Cross-posted on Code Review.
Your function has a bug: when loading the small array, you should write:
temp[small_loop] = in[small_loop];
You can get rid of the tests with a lookup table, either on the source data, or more efficiently on some intermediary result:
In the code below, I use a small table lookup5 to convert the values 0,1,2,3,4 to 0,1,2,0,3, and a larger one to map groups of 4 3-bit values from the source array to the corresponding byte value in the packed format:
#include <stdint.h>
/// Compress by packing ...
void compressByPacking0(uint8_t *out, uint8_t *in, uint32_t length) {
static uint8_t lookup[4096];
static const uint8_t lookup5[8] = { 0, 1, 2, 0, 3, 0, 0, 0 };
if (lookup[0] == 0) {
/* initialize lookup table */
for (int i = 0; i < 4096; i++) {
lookup[i] = (lookup5[(i >> 0) & 7] << 0) +
(lookup5[(i >> 3) & 7] << 2) +
(lookup5[(i >> 6) & 7] << 4) +
(lookup5[(i >> 9) & 7] << 6);
}
}
for (; length >= 4; length -= 4, in += 4, out++) {
*out = lookup[(in[0] << 9) + (in[1] << 6) + (in[2] << 3) + (in[3] << 0)];
}
uint8_t last = 0;
switch (length) {
case 3:
last |= lookup5[in[2]] << 4;
/* fall through */
case 2:
last |= lookup5[in[1]] << 2;
/* fall through */
case 1:
last |= lookup5[in[0]] << 0;
*out = last;
break;
}
}
Notes:
The code assumes the array does not contain values outside the specified range. Extra protection against spurious input can be achieved at a minimal cost.
The dummy << 0 are here only for symmetry and compile to no extra code.
The lookup table could be initialized statically, via a build time script or a set of macros.
You might want to unroll this loop 4 or more times, or let the compiler decide.
You could also use this simpler solution with a smaller lookup table accessed more often.
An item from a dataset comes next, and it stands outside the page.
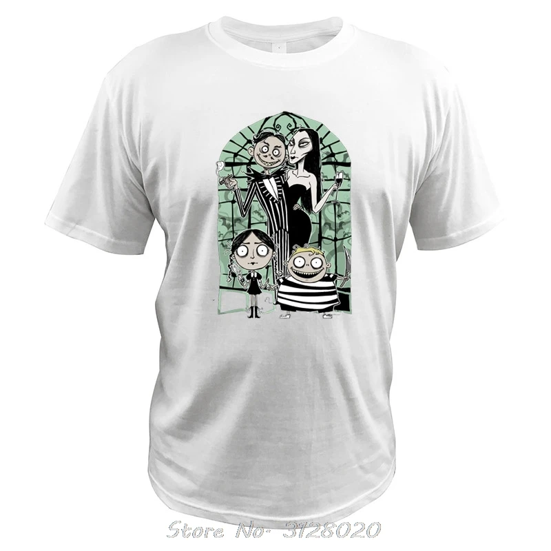 2021 Аддамс Семья футболка Для мужчин Хэллоуин с О-образным вырезом Повседневное Morticia среда футболка Camisetas цифровой печати, Гомез топы тройник

Careful benchmarking will tell you which is more efficient on your target system:
/// Compress by packing ...
void compressByPacking1(uint8_t *out, uint8_t *in, uint32_t length) {
static const uint8_t lookup[4][5] = {
{ 0 << 6, 1 << 6, 2 << 6, 0 << 6, 3 << 6 },
{ 0 << 4, 1 << 4, 2 << 4, 0 << 4, 3 << 4 },
{ 0 << 2, 1 << 2, 2 << 2, 0 << 2, 3 << 2 },
{ 0 << 0, 1 << 0, 2 << 0, 0 << 0, 3 << 0 },
};
for (; length >= 4; length -= 4, in += 4, out++) {
*out = lookup[0][in[0]] + lookup[1][in[1]] +
lookup[2][in[2]] + lookup[3][in[3]];
}
uint8_t last = 0;
switch (length) {
case 3:
last |= lookup[2][in[2]];
/* fall through */
case 2:
last |= lookup[1][in[1]];
/* fall through */
case 1:
last |= lookup[0][in[0]];
*out = last;
break;
}
}
Here is yet another approach, without any tables:
/// Compress by packing ...
void compressByPacking2(uint8_t *out, uint8_t *in, uint32_t length) {
#define BITS ((1 << 2) + (2 << 4) + (3 << 8))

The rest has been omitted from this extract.